What Does a Mucus Plug Look Like?

When you becomepregnant, many changes happen to your body. The mucus plug, known medically as operculum(meaning plug in opening)is built up from mucus secreted by the cervix, working to provide the growing baby extra protection, and prevent bacteria from entering the uterus. You may wonder, what is the mucus plug like?

What Does a Mucus Plug Look Like?

When you enter the latter stages of pregnancy, the mucus plug is dislodged from the cervix. This process is known as bloody show, or just – the show. The substance expelled is jelly-like in texture, which can either be clear in color or pinkish. When the mucus plug is expelled, capillaries may break as a result of the movement, leading to some miniscule blood loss, which stains the mucus causing a bloody color. Therefore, the mucus plug can look blood streaked with brownish old blood.

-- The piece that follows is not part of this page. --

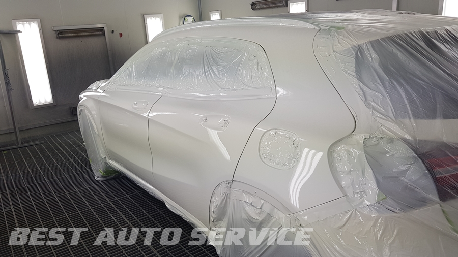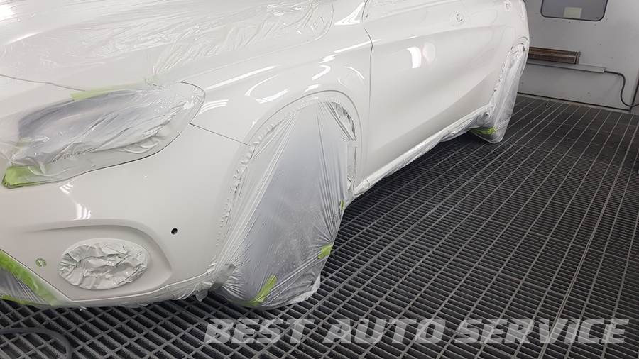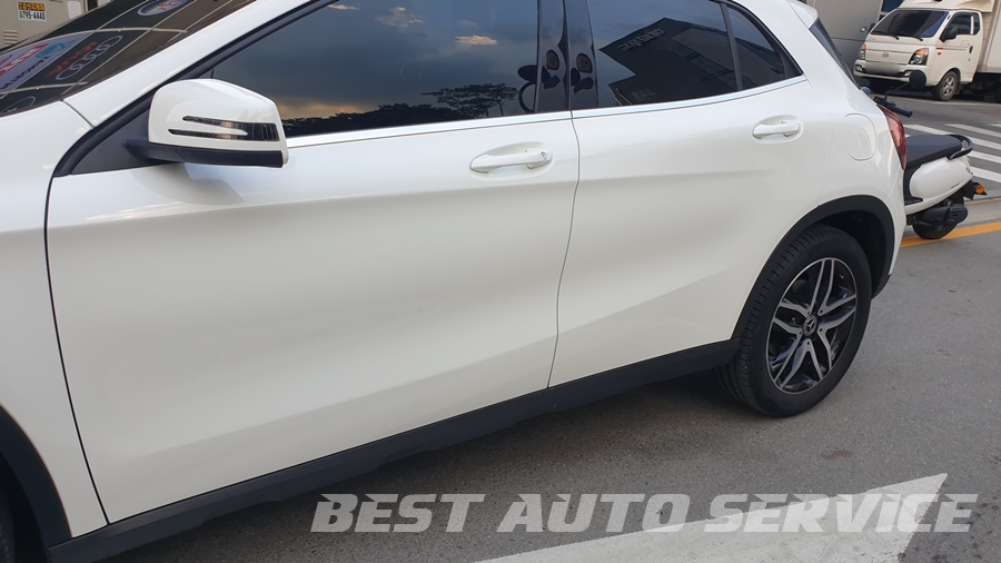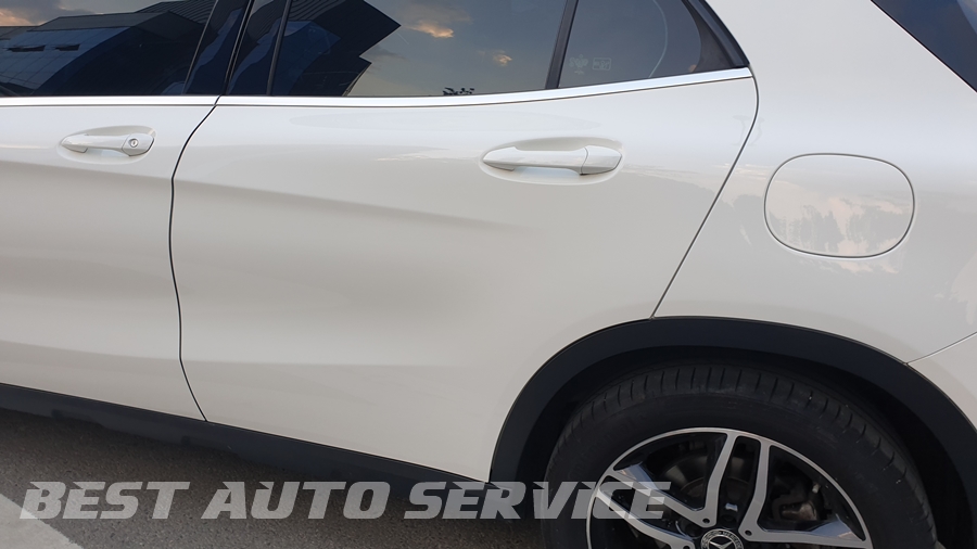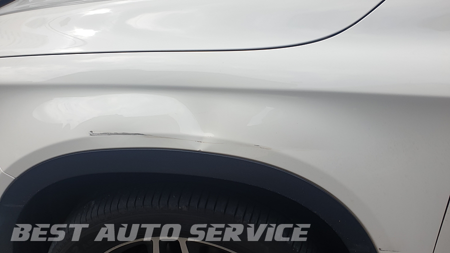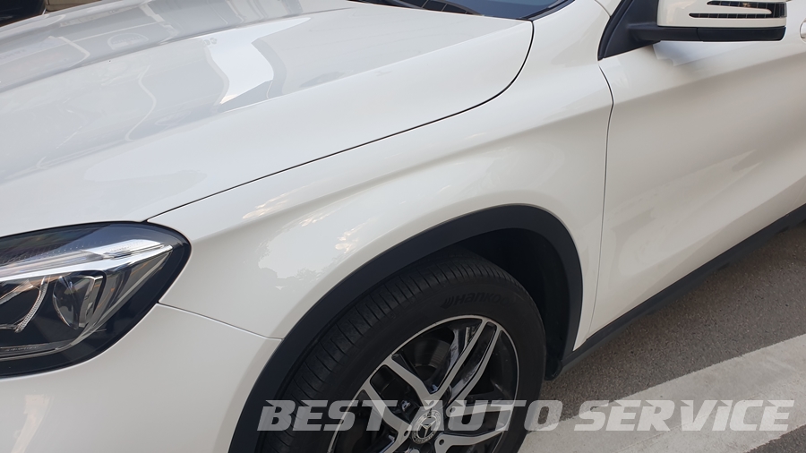 벤츠 GLA 좌측 프론트팬더입니다. 중앙 부근에 안쪽으로 들어가는 왜곡이 눈에 띄어, 근처에도 손상이 발생하고 있습니다. 판금도색으로 복원할 예정입니다.

 The mucus plug may leave one’s body in one single motion or in smaller pieces over the course of several hours. The amount of the jelly-like substance expelled during the show is sometimes so little that some women may miss it completely, especially if it is expelled when using the lavatory. That being said, you may notice it on your underwear, or after wiping. After the bloody show, your labor may begin in days or weeks. 

Learn more about passing mucus plug and how it looks like:

When Would You Lose the Mucus Plug and What Does It Indicate?

Once you know the answer to the question “What does a mucus plug look like?” you should then hope to ascertain what the expulsion of the mucus plug indicates, and when to expect it.

Generally, the mucus plug begins to come away in the last couple of weeks of your pregnancy, up until labor. A poll carried out by a pregnancy forum with its members found that around 34% of pregnant women experienced the bloody show two days before going into labor. Just over 17% reported that they never saw it at all, and 30% of women said that they lost their mucus plug during labor.

In most instances, your mucus plug becomes dislodged due to dilation of the cervix, which is often an indicator of the onset of labor. As the cervix begins to open in preparation for giving birth, the mucus plug is no longer held in place, causing dislodgement and eventually vaginal expulsion.

It should be noted that the mucus plug may be dislodged by other instances aside from labor, such as during a vaginal exam. In this instance, it may not be an indication of labor beginning. You may also experience early dilation if you are on a second or subsequent pregnancy, causing the mucus plug to become dislodged, but that does not mean labor is starting. As the cervix progressively opens, labor could be hours, days, or quite possibly weeks away.

Experiences of Other Moms

“After ascertaining an answer to the question “What does a mucus plug look like?” I knew what to expect. I lost my plug around a week before I gave birth to my first child. It was yellow-brownish in color and had a jelly-like consistency, although I believe it can be different for everyone.”

 “It wasn’t until my fourth child that I noticed my mucus plug pass. It happened at around 36 and a half weeks, and have consistently been losing more each day. Mine was blood-stained, and I believe older blood caused the blob to have a brownish color. I am now at 39 weeks and am experiencing contractions on-and-off, but no baby as of yet.”

What to Do After Losing the Mucus Plug

In most instances, passing the mucus plug is no cause for concern. Normal signs of the mucus plug passing include:

  • Dilation of the cervix, causing the mucus plug to pass through the vagina, either instantaneously or over several days.
  • Losing the mucus plug when being full term.
  • Regular contractions following the loss of mucus plugshould be met with advised protocols for labor and delivery.

Once you have ascertained an answer to the question “What does a mucus plug look like?” you should also consider instances where complications may arise. You should visit your doctor as soon as possible if any of the following applies:

  • You have a medical history of preterm labor and believe that you have lost the mucus plug.
  • You notice mucus discharge before reaching the 36th week of pregnancy, especially if it happened before 34 weeks.
  • If you experience sudden bleeding bright red in color.
  • If the amount of discharge is relatively large, over an ounce (around two tablespoons).